Thursday, April 15, 2010

Dumbing down?

I have been to a couple of different artist talks over the past week, one by Mia Feuer at Transformer (this show closes Saturday) and one by a panel of Christian Benefiel, Michael Enn Sirvet, and Katherine Mann at Hamiltonian (show is up for another couple of weeks). All of these artists work in abstract forms that seem to directly reference natural or man-made objects, although they transform these forms via scale, placement, and strange juxtapositions into things almost unrecognizable.

Both Feuer and Mann talked about cultivating chaos in their practices, Mann by pouring random pools of ink, Feuer by trying to overextend her own physical capabilities with the scale and complexity of her work. They talked about their desire to create these chance-directed situations that they then have to clean up and respond to in order to create their work.

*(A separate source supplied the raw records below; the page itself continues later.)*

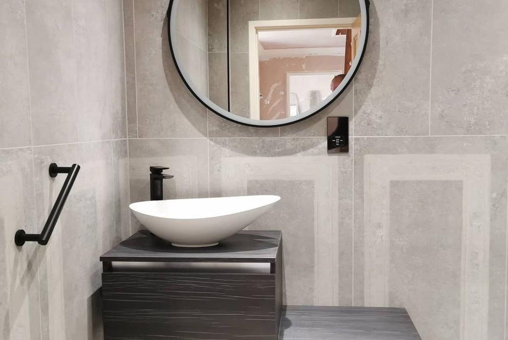 This high end project was undertaken by IP Kitchen and Design. Tiles from our modern and stylish SPECTRE collection were installed to the entire bathroom suite. This tile offers a raw industrial finish, this combined with the contemporary bathroom fittings create a super chic space that you would expect to find in the highest end of hotel. The grey and ivory tones offer a warm and inviting space whilst at the same time remaining edgy and unique.
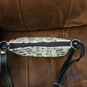 This handcrafted crossbody made with the cutest dog print has a single, adjustable strap that can be worn across your body to free up both hands or can be worn over one shoulder. Five inside pockets make it easy to find everything easily! One of the pockets is a large, zippered pocket. Two other sets of pockets make it easy to find items such as your keys or glasses fast! About 6" Tall, 10 1/2" Wide at Top, 8" Wide at Bottom, 4 1/2" Deep at Bottom
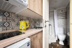 • кухня-гостиная укомплектованная всей техникой (плита, микроволновка, холодильник) обеденная зона со столом и стульями зона отдыха с кроватью и телевизором
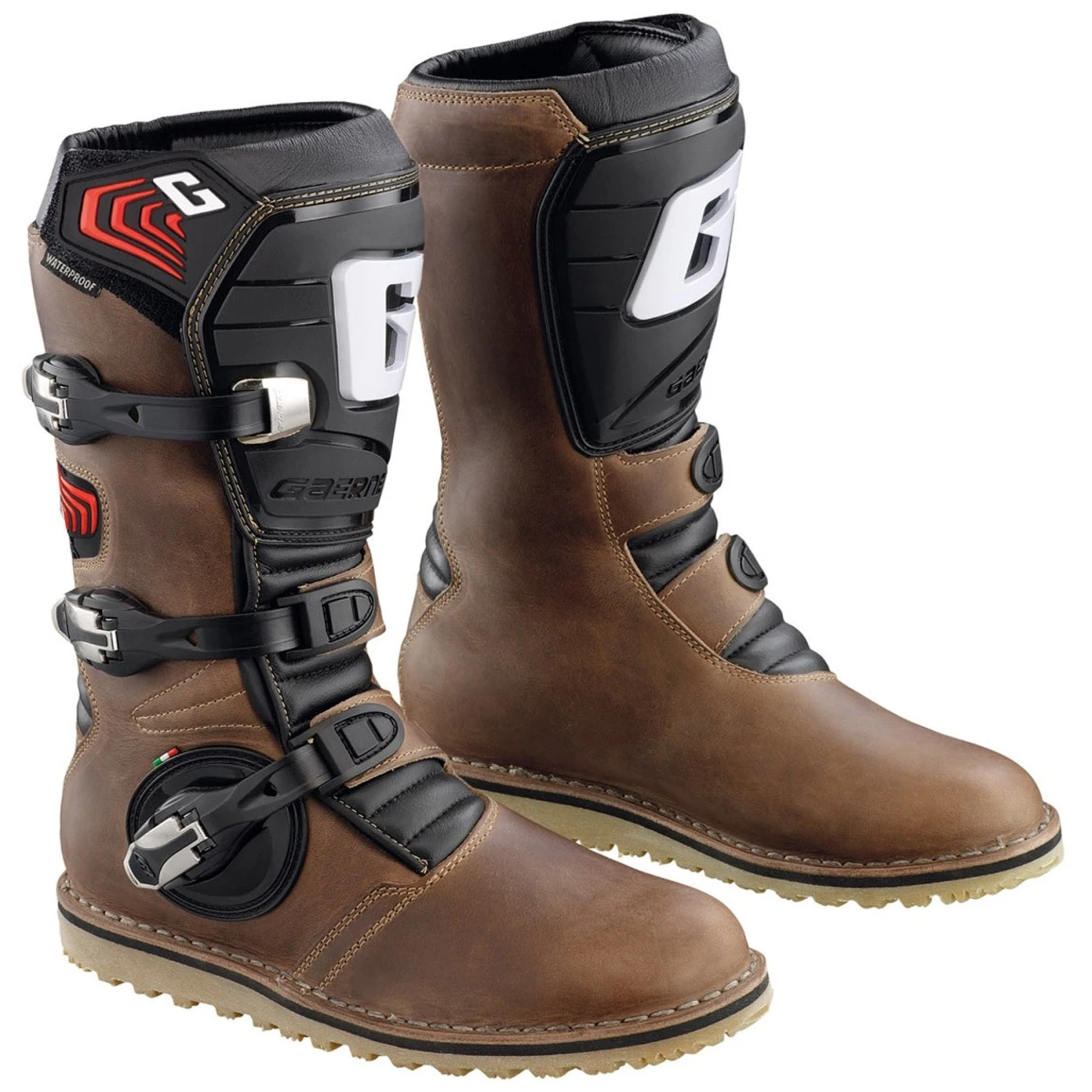 These extremely durable boots are made with full-grain oiled leather. They feature an injection moulded front shin guard and three new alloy buckles, which are replaceable. They are also waterproof thanks to a breathable membrane liner we call Gaerne Drytech. A gum rubber sole completes the task for better grip and control of the bike.

However, both artists shyed away from the word “intuition” when describing their processes, and neither seemed to want to give their subconscious underworkings much credit. Instead, they talked about their efforts to regain control over the chaos in very pedestrian, physically oriented, one-foot-in-front-of-the-other terms. I have caught myself in this same kind of downplaying of my mental processes when talking about my work. Now that I hear what it sounds like, I am kind of annoyed. Isn’t being an artist having this really refined visual sense that allows you to create meaning through inarticulatable (is that a word?) means? Isn’t that skill what sets artists apart from everyone else? So why do we have a hard time giving credence to that ability? Why do we do the “aw, shucks, I’m just an ole girl who works with her hands and nice things come out of it, somehow” song and dance? Why do we strive to un-intellectualize ourselves?